The girl had died from a malignant tumour on the brain.
The mother had committed suicide.
7
The bridegroom welcomed Erlendur into his office. He was a quality and marketing manager for a wholesaling company that imported breakfast cereal from America and Erlendur, who had never tasted American breakfast cereal in his life, pondered as he sat down in the office what a quality and marketing manager at a wholesaling company actually did. He couldn't be bothered to ask. The bridegroom was wearing a well-ironed white shirt and thick braces and he had rolled up his sleeves as if managing quality issues required every ounce of his strength. Average height, a little chubby and with a ring of beard around his thick-lipped mouth. Viggo was his name.
"I haven't heard from Disa," Viggo said quickly and sat down facing Erlendur.
"Was it something you said to her that. ."

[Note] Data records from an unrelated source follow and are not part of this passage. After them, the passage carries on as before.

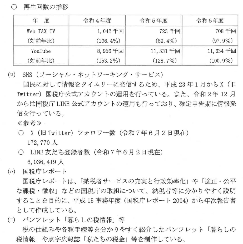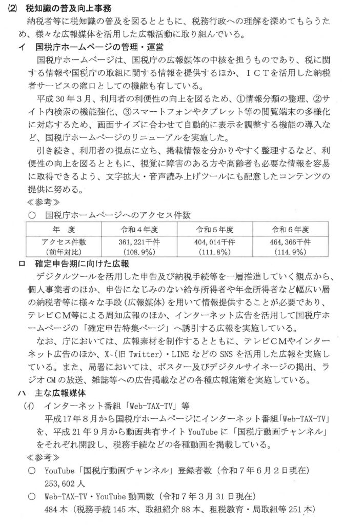 国税庁のホームページや動画・youtubeにはどのくらいアクセスがあるの?
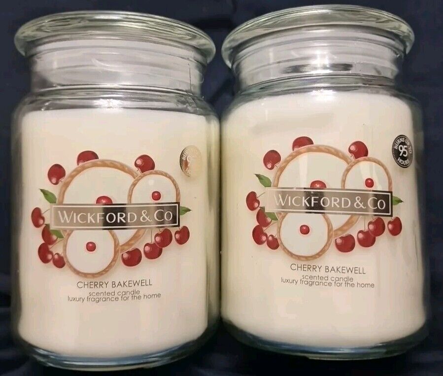 Wickford & Co Cherry Bakewell Scented Candle Large Glass Jar 18 Oz Packmof 2
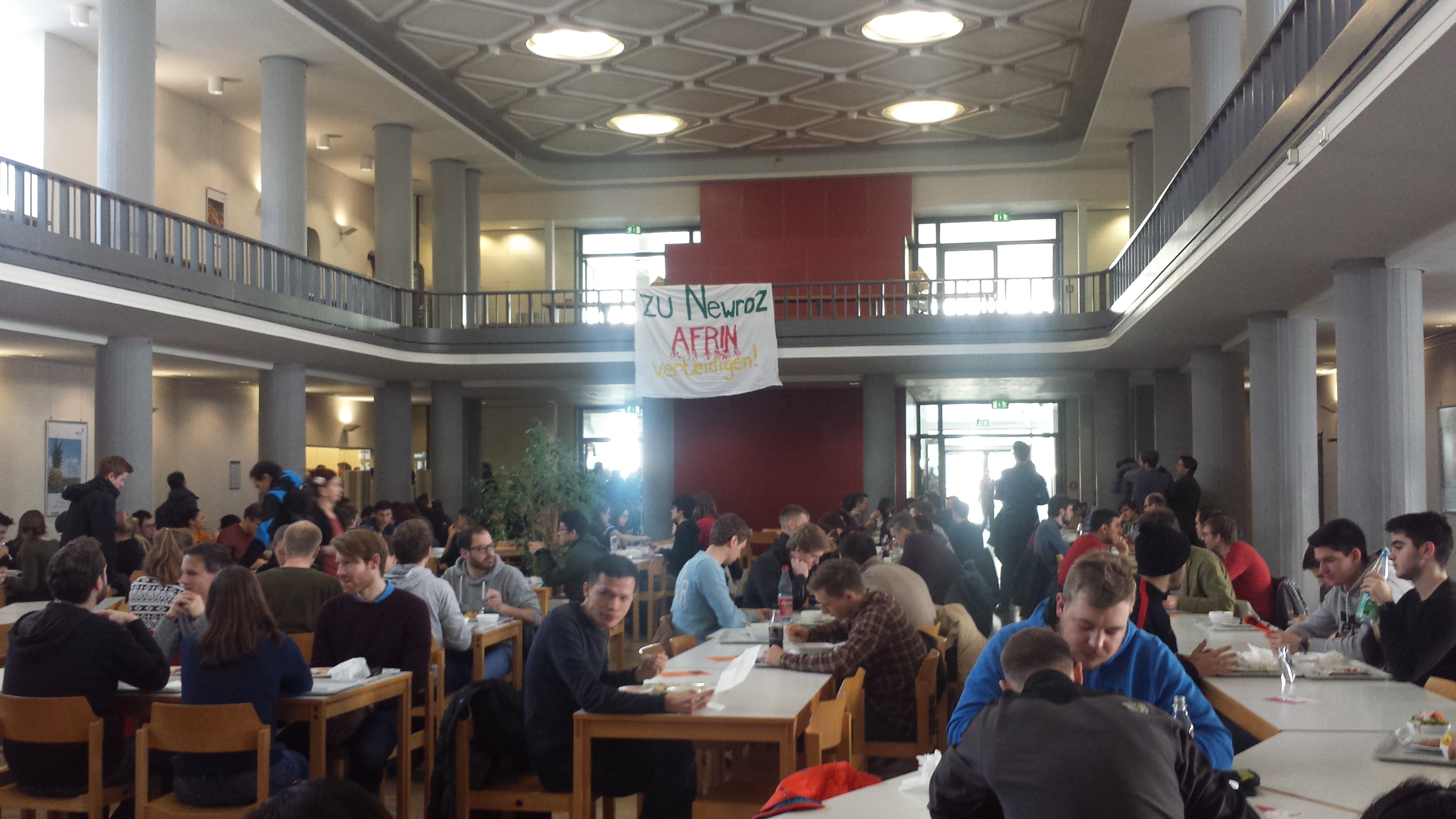 DARMSTADT – YXK Darmstadt üniversitesinde Afrin Direniscilerini selamladı. Üniversite kantininde “Newroz ruhuyla Afrini Savun ” yazili pankart asan YXK’liler Afrin direnişinin gerilla savaşi ile zaferi kazanacağını belirtti. Üniversite kampüsünde Afrin direnişini Anlatan yüzlerce bildiri dağıtıldı.
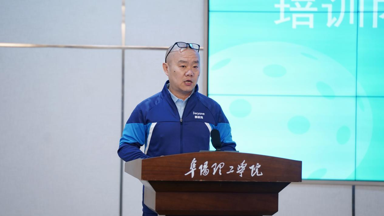 陈升代表阜阳市体育总会致辞时指出,阜阳理工学院获批全国匹克球教学点,既是对学校前期工作的充分肯定,也为其赋予了“承上启下、示范引领”的重要使命。他勉励全体学员珍惜学习机会,提升专业能力,发挥纽带作用,共同推动匹克球运动在阜阳的普及与发展。
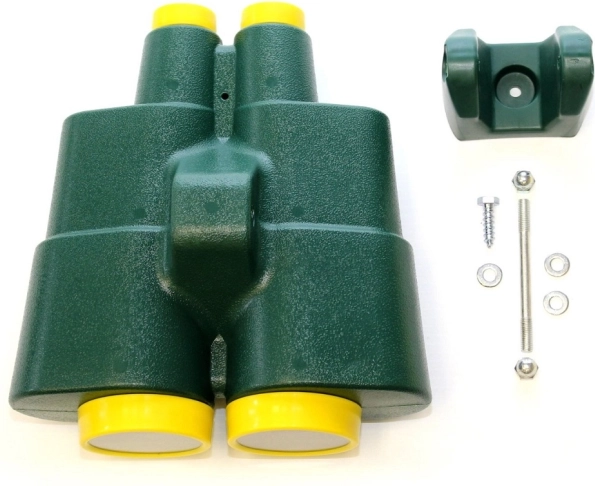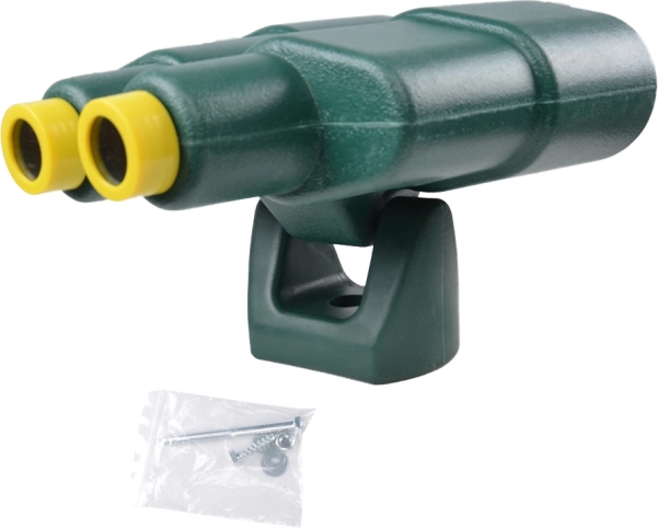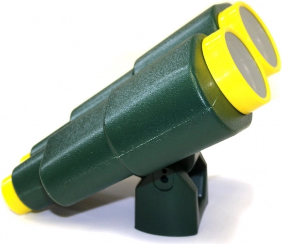 Mängubinokkel on valmistatud tugevast plastist, mis tagab selle vastupidavuse ja pika kasutusea õuemängudes.
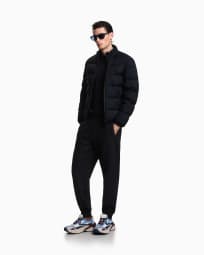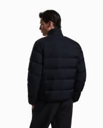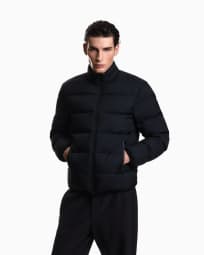 Water-repellent, quilted nylon down jacket with jacquard logo lettering
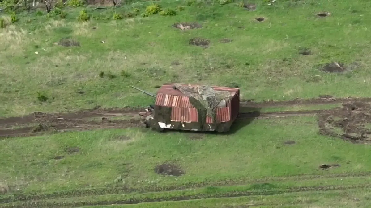 Но боевое применение танка-сарая, который был замечен, когда двигался по оккупированному Донецку, оказалось довольно коротким. Его зафиксировали явно брошенным после поражения, возможно, он также взорвался на мине.
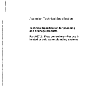This Australian Technical Specification sets out requirements for flow controllers with or without bodies that have a flow rate of no greater than 16 L/min, for use in heated or cold water plumbing systems. Content history AS 5200.037.2-2008 [Current] Please select a variation to view its description. Published 23/05/2005 Pages 13 Please select a variation to view its pdf.
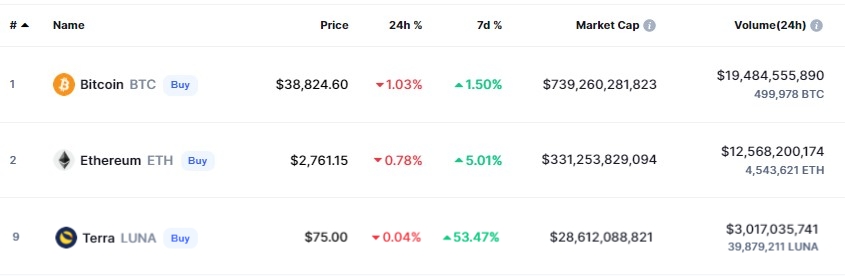 탈중앙화 결제 시스템 테라(Terra)의 기본 코인 LUNA는 지난 22일 48.53달러에서 2월 27일 79.64달러로 5일 동안 64% 이상 상승했다.
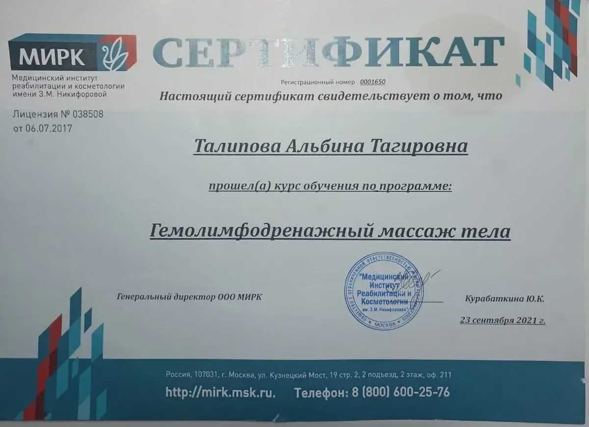 Медицинский институт реабилитации и косметологии имени 3.М. Никифоровой Настоящий сертификат свидетельствует о том, что Талипова Альбина Тагировна прошла курс обучения по программе: Гемолимфодренажный массаж
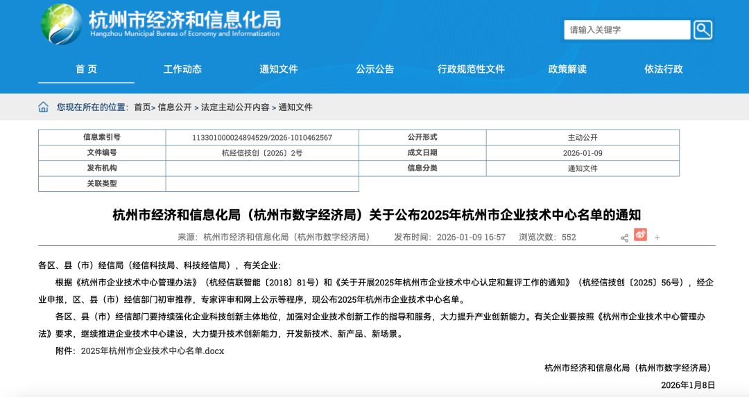 (来源:CSHIA) 近日,杭州市经济和信息化局正式发布2025年杭州市企业技术中心认定名单,地芯科技凭借在半导体领域的技术创新实力和研发体系建设成果,成功获 评"2025年杭州市企业技术中心"。 | | 信自化信 | | | | | | | | --- | --- | --- | --- | --- | --- | --- | --- | | | | | | | | 请输入关键字 | | | 首 页 | 工作动态 | 通知文件 | 公示公告 | | 行政规范性文件 | 政策解读 | 依法行政 | | (s | 您现在所在的位置: 首页> 信息公开 > 法定主动公开内容 > 通知文件 | | | | | | | | 信息索引号 | | 113301000024894529/2026-1010462567 | | 公开形式 | | 主动公开 | | | 文件编号 | | 杭经信技创〔2026〕2号 | | 成文日期 | | 2026-01-09 | | | 发布机构 关联类型 | | | | 信息分类 | | 通知文件 | | | 序号 | 企业技术中心名称 | 所属区县 | | --- | --- | --- ...
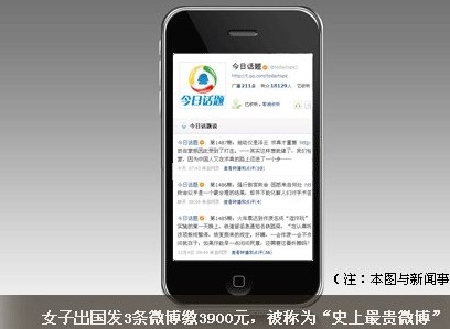 國外發3條微博收3900元 聯通稱計費沒問題
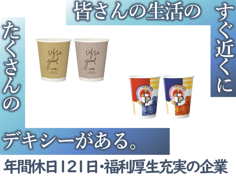仕事内容 ✨ アピールポイント ✨ ✅ 未経験から安心してスタートOK ✅ 暮らしを支える社会貢献性の高い仕事 ✅ 土日祝休み&年間休日120日 ✅ 1964年創業の安定企業で長く働ける ◤ 紙容器の製造って? ◢ 私たちの生活に身近な 飲料用紙カップなどを作る、 社会貢献性の高いお仕事です。 《 具体的な役割は? 》 皆さんが安全に使えるよう、 製造機械を操作したり、 製品にキズや色の違いがないか チェックしたりします。 《 誰のために? 》 様々な食品・飲料メーカーなどを通じて 日本中の人々の暮らしに役立つ製品を 届けています。 ◤ お仕事内容 ◢ 飲料カップなどを作る 製造機械のオペレーター業務です。 【 主な業務 】 ① 機械の操作  ̄ ̄ ̄ ̄ ̄ ̄ ̄ 紙容器を製造する機械の操作や監視、 簡単な調整作業などを行います。 ② 品質検査  ̄ ̄ ̄ ̄ ̄ ̄ 完成した製品に、 微妙な色合いの違いや 小さなキズがないかなどをチェックします。 ③ その他付随業務  ̄ ̄ ̄ ̄ ̄ ̄ ̄ ̄ ̄ 機械の簡単な不具合対応や、 その他製造に関わる サポート業務をお任せします。 【 イメージとの違い 】 「工場の仕事=単調作業」 そう思われがちですが、 高品質な製品をつくるための 機械の微調整や細かな品質チェックなど、 実は、集中力や工夫が活きる 奥深い仕事なんです! ⭐ 1日のスケジュール例 ⭐ ※日勤の場合 【08:00】出社・朝礼 └ 前シフトからの引継ぎ 【08:30】担当機械のオペレーション業務 【12:00】お昼休憩 ☕ 【12:45】午後の業務開始 └ 製品の品質検査など 【16:00】業務まとめ・日報作成 【16:45】退社 └ 次のシフトへの引継ぎ ※1週間ごとの交替制勤務です。 ⭐ キャリアアップについて ⭐ ◎ 成長支援制度 経験は一切不問! 先輩社員が丁寧に指導するので、 製造業が初めての方もご安心ください。 ◎ 評価制度 日々の頑張りは、 昇給や賞与でしっかりと評価・還元します。 ◎ キャリア事例 現場のリーダーや管理職など、 希望や適性に応じた ステップアップも目指せる環境です。 ◎ サポート体制 家族手当や社宅制度、退職金制度など… 生活を支え、長く安心して働ける 福利厚生が充実しています!
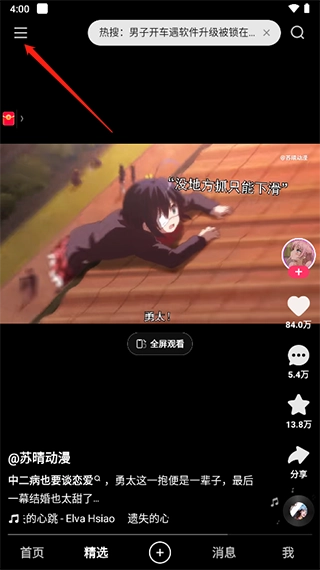 1.打开快手轻量版App,登录后找到左上角的【三】点击
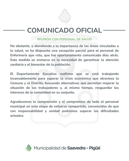 En un comunicado expusieron el informe de lo abordado en la cita mantenida esta mañana con operarios del ámbito sanitario del Distrito de Saavedra.
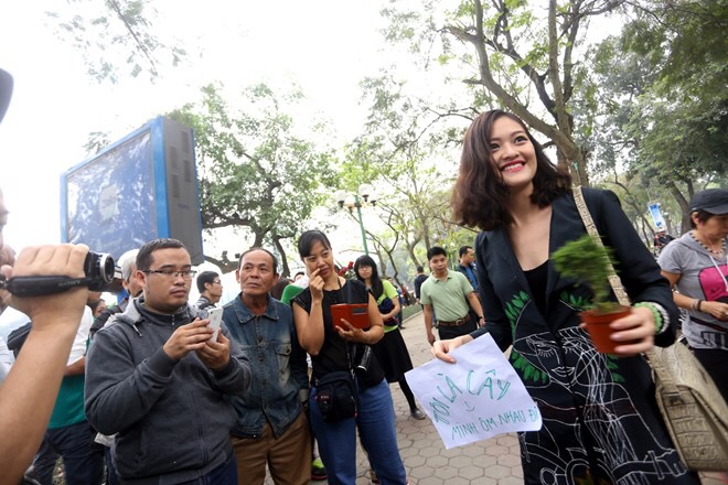 Diễn viên Thùy Anh với trang phục cây, tay cầm cây cũng diễu hành vòng quanh Hồ Thiền Quang.
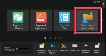 Ha az érintőpanelen nincs [Saját mappa nyomtatása] gomb, adjon hozzá egy [Saját mappa nyomtatása] gombot a kezdőképernyőn. A gomb hozzáadásának módját lásd: " PARANCSIKONOK HOZZÁADÁSA".

"That's what everyone thinks," Viggo said. "Everyone assumes it's my fault. That's the worst thing. The worst part of the whole business. I can't stand it."
"Did you notice anything unusual about her before she ran away? Anything that might have upset her?"
"Everyone was just having fun. You know, a wedding, you know what I mean."
"No."
"Surely you've been to a wedding?"
"Once. A long time ago."
"It was time for the first dance. The speeches were over and Disa's girlfriends had organised some entertainment, the accordionist had arrived and we were supposed to dance. I was sitting at our table and everyone started looking for Disa, but she was gone."
"Where did you last see her?"
"She was sitting with me and said she needed to go to the toilet."
"And did you say anything that could have made her sulk?"
"Not at all! I gave her a kiss and told her to be quick."
"How much time passed from when she left until you started looking for her?"
"I don't know. I sat down with my friends and then went outside for a smoke — all the smokers had to go outside — I talked to some people there and on the way out and back, sat down again and the accordionist came over and talked to me about the dance and music. I talked to some other people, I guess it must have been half an hour, I don't know."
"And you never saw her during that time?"
"No. When we realised she was gone it was a total disaster. Everyone stared at me as though it was my fault."
"What do you think has happened to her?"
"I've looked everywhere. Spoken to all her friends and relatives but no-one knows a thing, or that's what they say anyway."
"Do you think someone's lying?"
"Well, she must be somewhere."
"Did you know she left a message?"
"No. What message? What do you mean?"
"She hung a card on the message tree thing. 'He's a monster, what have I done?' it said. Do you know what she means by that?"